しかし冒頭で原発テロが起きたときは小説を間違えたかと(笑)。
テロがお手本にしたと思われる小説が槍玉にあげられるあたり、今でも少年犯罪が起きるたび「ホラー漫画を読んでた」とか本が責められちゃう日本ではいかにもありそうな話です。
ところがそれをメディア良化委員会は好機ととらえ、作家に本を書くことそのものを禁じようと画策し始めました。
事実上の「言論の自由」の剥奪です。
と、いうわけで図書隊はその作家を保護し委員会と戦う一方、世論が盛り上がっている今こそ検閲を廃するチャンスでもあると動き始めます。
まさしく革命。
作家の保護を命じられた堂上隊の活躍、そして恋心を自覚した主人公・郁と堂上の恋の行方など最終巻にふさわしい盛り上がりでしたね(恋愛パートはちとベタすぎる気もしますが(笑))。
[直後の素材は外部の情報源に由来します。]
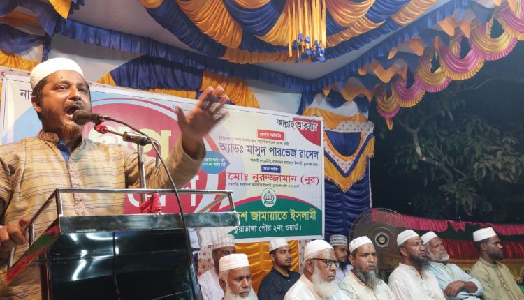 স্টাফ রিপোর্টার: চুয়াডাঙ্গার নিলারমোড়ে জামায়াতের গণসমাবেশ অনুষ্ঠিত হয়েছে। গতকাল শুক্রবার রাত সাড়ে ৯টায় অনুষ্ঠিত সমাবেশে প্রধান অতিথি ছিলেন জেলা সহকারী সেক্রেটারি অ্যাড. মাসুদ পারভেজ রাসেল। তিনি বলেন, জামায়াত একটি ইনসাফ ভিত্তিক দল। সমাজে ইনসাফ কায়েম করতে চাই। জামায়াত এদেশে ইসলামী সমাজ প্রতিষ্ঠিত করতে বদ্ধ পরিকর। তিনি বলেন, পতিত সরকার বিগত দিনে ৯৬ বিলিয়ন ডলার সম্পদ লাপাত্তা করে বিদেশে পাড়ি দিয়েছে। তিনি বলেন ৫৪ বছর দেশ স্বাধীন হলেও সামরিক শক্তিকে পঙ্গু করে রাখা হয়েছে। জামায়াতের নেতারা দুর্নীতি সাথে জড়িত না, চাঁদাবাজির সাথে জড়িত না, মাদকের সাথে জড়িত না। তিনি বলেন যারা দুর্নীতি করে তারা চায় না সমাজে দুর্নীতি বন্ধ হোক। বাংলাদেশকে পরিবারের ভালোবাসতে হবে। তিনি আরও বলেন, যারা খারাপ কাজ করে তারা দুর্বল। জামায়াতের ২নং ওয়ার্ড সভাপতি মাওলানা নুরুজ্জামানের সভাপতিত্বে বিশেষ অতিথি ছিলেন জামায়াতের জেলা ইউনিট সদস্য সিনিয়র আইনজীবী অ্যাড. মসলেম উদ্দিন, জেলা অর্থ সম্পাদক কামাল উদ্দিন ও পৌর জামায়াতের আমির অ্যাড. হাসিবুল ইসলাম। এছাড়াও উপস্থিত ছিলেন পৌর জামায়াতের নায়েবে আমির মাহবুব আশিক, আনোয়ার হোসেন, পৌর সেক্রেটারি মোস্তফা কামাল ও চুয়াডাঙ্গা পৌর শ্রমিক কল্যাণ সভাপতি ইমরান হোসেন প্রমুখ। অনুষ্ঠানটি পরিচালনা করেন ২নং ওয়ার্ড সেক্রেটারি ইমদাদুল হক

ただ、「あれ?」と思ったのが事件から数年後を描いたエピローグ。
つか最後の2行が変。
郁が入隊した頃と変わらない難しい表情は、上官だからというわけではなく素だったことが付き合いだしてから分かるようになった。
……え? ここで「Fin」がついちゃうの?
どう読んだってこれって『場面の途中』の文章でしょ?
ここで切ったらすごくすごく据わりが悪いでしょ?
普通に続きがあると思ってページめくったら「後書き」で、一瞬真剣に落丁だと思いました。
まさかこんなに終わらせ方の下手な作家さんだったなんて……意外です。
「終わりよければ全てよし」という言葉がありますが、逆に終わりがいまいちだとそれで一気に点が下がっちゃうんですよね。
エピローグの前までは面白かったのに残念です。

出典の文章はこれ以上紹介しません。